● **WORK ORDER**: Repeat the data below exactly, dropping any pictures it holds.

● **AVAILABLE DATA**:
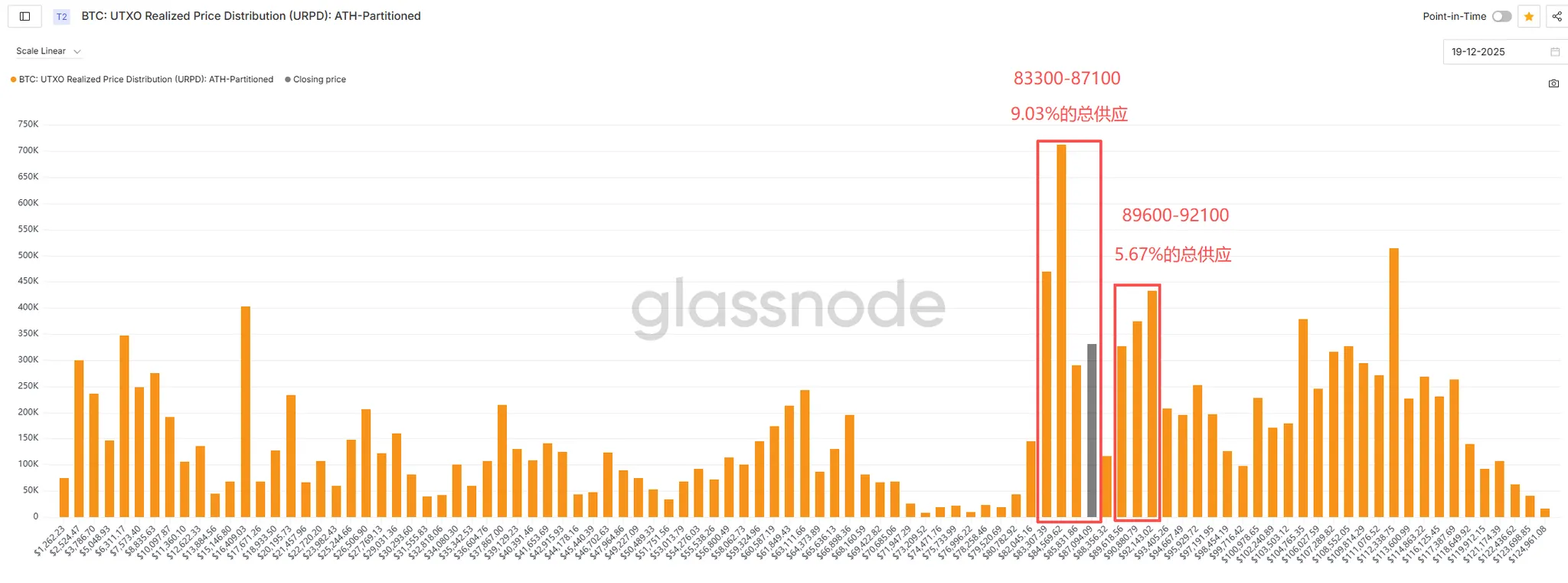 BTC 筹码结构方面,83300-87100 美元价格区间的筹码积累量从总供应的 9.03% 升至 9.93%,增加 0.9 个百分点。其中 87100 美元附近筹码积累量达总供应的 3.15%,相较于上周出现明显换手,多空博弈激烈,该价位后续有望形成强支撑。
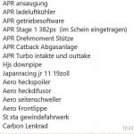 3-Punkt-Sicherheitsgurt hinten mitte | Abbiegelicht | Ablagefach am Dachhimmel | Airbag Beifahrerseite abschaltbar | Airbag Fahrer-/Beifahrerseite | Ambiente-Beleuchtung | Anti-Blockier-System (ABS) | Antriebs-Schlupfregelung (ASR) | Antriebsart: Allradantrieb | Auspuffendrohr (4) sichtbar / verchromt | Ausstattung R | Auto-Hold-Funktion | Außenspiegel asphärisch, links | Außenspiegel elektr. verstell- und heizbar | Außenspiegel konvex, rechts | Außenspiegel mit autom. Absenkfunktion, rechts | Blinkleuchte in Außenspiegel integriert | Bremsassistent | Chrom-Paket 2 | Dachhimmel Stoff, schwarz | Dachspoiler | Diebstahl-Warnanlage mit Innenraumüberwachung | Doppeltonhorn | Durchladeeinrichtung (Mittelarmlehne hinten) | Einparkhilfe vorn und hinten | Einstiegshilfe Easy-Entry | Einstiegsleisten (Edelstahl) vorn, beleuchtet | Elektron. Differentialsperre (EDS) | Elektron. Differentialsperre (XDS) | Elektron. Stabilitäts-Programm (ESP) | Fahrassistenz-System: Anhänger-Stabilisierungs-Programm | Fahrassistenz-System: Müdigkeitserkennung | Fahrassistenz-System: Umfeldbeobachtungssystem (Front assist) mit City-Notbremsfunktion | Fensterheber elektrisch | Frontscheibe Verbundglas getönt | Funkschlüssel (2) klappbar | Fußmatten Textil | Fußraumbeleuchtung vorn LED | Getriebe 7-Gang - Doppelkupplungsgetriebe DSG | Handschuhfach mit Kühlfunktion | Heckleuchten LED, dunkelrot, Blinkleuchten dynamisch | Heckscheibenwischer | Innenausstattung: Dekoreinlagen Carbon Touch | Isofix-Aufnahmen für Kindersitz an Rücksitz | Karosserie: 3-türig | Kennzeichenbeleuchtung LED | Klimaanlage Climatronic 2-Zonen | Knieairbag Fahrerseite | Kopf-Airbag-System vorn und hinten inkl. Seitenairbag vorn | Kopfstützen hinten (3-fach) | Kühlergrill schwarz mit Chromleiste unten | Lendenwirbelstütze Sitz vorn links | Lendenwirbelstütze Sitz vorn rechts | Lenkrad (Leder) mit Multifunktion und Schaltfunktion (R-Line) | Lenksäule (Lenkrad) mechan. verstellbar, Höhen-/Längsverstellung | Leseleuchten vorn und hinten LED | Licht- und Sicht-Paket 1 | Mittelarmlehne vorn | Modellpflege | Motor 2,0 Ltr. - 228 kW 16V T FSI | Multifunktionsanzeige Premium (Farbdisplay) | Nebelschlussleuchte | Nichtraucher-Paket | Parkbremse elektrisch | Pedale Edelstahl | Progressivlenkung | Reifen-Reparaturkit (Tire Mobility Set) | Reifenkontroll-Anzeige | Rücksitzlehne geteilt | Schadstoffarm nach Abgasnorm Euro 6 | Schalt-/Wählhebelgriff Leder | Scheinwerfer LED mit dynamischem Kurvenlicht | Schublade / Ablagefach unter Sitz vorn links | Schublade / Ablagefach unter Sitz vorn rechts | Sicherheitsgurte vorn mit Gurtstraffer, höhenverstellbar | Sitz vorn links höhenverstellbar | Sitz vorn rechts höhenverstellbar | Sitze: Top-Sportsitze vorn | Sonnenblenden mit Spiegel (beleuchtet) | Stabilisator vorn | Start/Stop-Anlage | Steckdose 12V im Koffer-/Laderaum | Stoßfänger R | Tagfahrlicht LED | Türgriffe außen Wagenfarbe | Warnanlage für Sicherheitsgurte vorn | Wegfahrsperre (elektronisch) | Winter-Paket | Zentralverriegelung mit Fernbedienung |
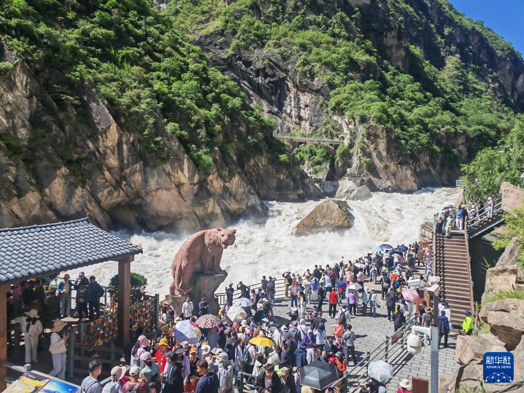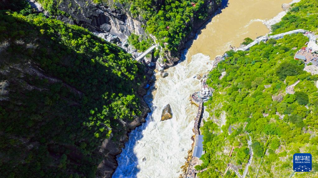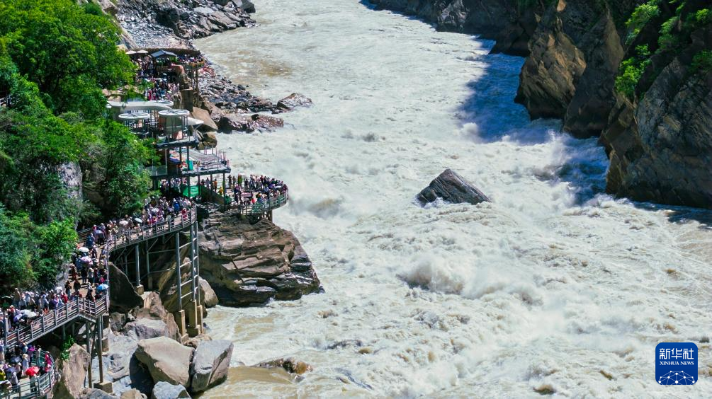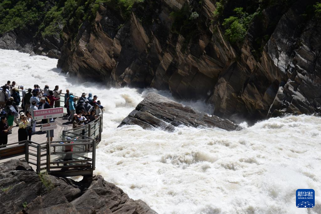 6月26日,游客在虎跳峡景区游玩。新华社记者 浦超 摄

● **TASK OUTPUT**:
 BTC 筹码结构方面,83300-87100 美元价格区间的筹码积累量从总供应的 9.03% 升至 9.93%,增加 0.9 个百分点。其中 87100 美元附近筹码积累量达总供应的 3.15%,相较于上周出现明显换手,多空博弈激烈,该价位后续有望形成强支撑。
 3-Punkt-Sicherheitsgurt hinten mitte | Abbiegelicht | Ablagefach am Dachhimmel | Airbag Beifahrerseite abschaltbar | Airbag Fahrer-/Beifahrerseite | Ambiente-Beleuchtung | Anti-Blockier-System (ABS) | Antriebs-Schlupfregelung (ASR) | Antriebsart: Allradantrieb | Auspuffendrohr (4) sichtbar / verchromt | Ausstattung R | Auto-Hold-Funktion | Außenspiegel asphärisch, links | Außenspiegel elektr. verstell- und heizbar | Außenspiegel konvex, rechts | Außenspiegel mit autom. Absenkfunktion, rechts | Blinkleuchte in Außenspiegel integriert | Bremsassistent | Chrom-Paket 2 | Dachhimmel Stoff, schwarz | Dachspoiler | Diebstahl-Warnanlage mit Innenraumüberwachung | Doppeltonhorn | Durchladeeinrichtung (Mittelarmlehne hinten) | Einparkhilfe vorn und hinten | Einstiegshilfe Easy-Entry | Einstiegsleisten (Edelstahl) vorn, beleuchtet | Elektron. Differentialsperre (EDS) | Elektron. Differentialsperre (XDS) | Elektron. Stabilitäts-Programm (ESP) | Fahrassistenz-System: Anhänger-Stabilisierungs-Programm | Fahrassistenz-System: Müdigkeitserkennung | Fahrassistenz-System: Umfeldbeobachtungssystem (Front assist) mit City-Notbremsfunktion | Fensterheber elektrisch | Frontscheibe Verbundglas getönt | Funkschlüssel (2) klappbar | Fußmatten Textil | Fußraumbeleuchtung vorn LED | Getriebe 7-Gang - Doppelkupplungsgetriebe DSG | Handschuhfach mit Kühlfunktion | Heckleuchten LED, dunkelrot, Blinkleuchten dynamisch | Heckscheibenwischer | Innenausstattung: Dekoreinlagen Carbon Touch | Isofix-Aufnahmen für Kindersitz an Rücksitz | Karosserie: 3-türig | Kennzeichenbeleuchtung LED | Klimaanlage Climatronic 2-Zonen | Knieairbag Fahrerseite | Kopf-Airbag-System vorn und hinten inkl. Seitenairbag vorn | Kopfstützen hinten (3-fach) | Kühlergrill schwarz mit Chromleiste unten | Lendenwirbelstütze Sitz vorn links | Lendenwirbelstütze Sitz vorn rechts | Lenkrad (Leder) mit Multifunktion und Schaltfunktion (R-Line) | Lenksäule (Lenkrad) mechan. verstellbar, Höhen-/Längsverstellung | Leseleuchten vorn und hinten LED | Licht- und Sicht-Paket 1 | Mittelarmlehne vorn | Modellpflege | Motor 2,0 Ltr. - 228 kW 16V T FSI | Multifunktionsanzeige Premium (Farbdisplay) | Nebelschlussleuchte | Nichtraucher-Paket | Parkbremse elektrisch | Pedale Edelstahl | Progressivlenkung | Reifen-Reparaturkit (Tire Mobility Set) | Reifenkontroll-Anzeige | Rücksitzlehne geteilt | Schadstoffarm nach Abgasnorm Euro 6 | Schalt-/Wählhebelgriff Leder | Scheinwerfer LED mit dynamischem Kurvenlicht | Schublade / Ablagefach unter Sitz vorn links | Schublade / Ablagefach unter Sitz vorn rechts | Sicherheitsgurte vorn mit Gurtstraffer, höhenverstellbar | Sitz vorn links höhenverstellbar | Sitz vorn rechts höhenverstellbar | Sitze: Top-Sportsitze vorn | Sonnenblenden mit Spiegel (beleuchtet) | Stabilisator vorn | Start/Stop-Anlage | Steckdose 12V im Koffer-/Laderaum | Stoßfänger R | Tagfahrlicht LED | Türgriffe außen Wagenfarbe | Warnanlage für Sicherheitsgurte vorn | Wegfahrsperre (elektronisch) | Winter-Paket | Zentralverriegelung mit Fernbedienung |
 6月26日,游客在虎跳峡景区游玩。新华社记者 浦超 摄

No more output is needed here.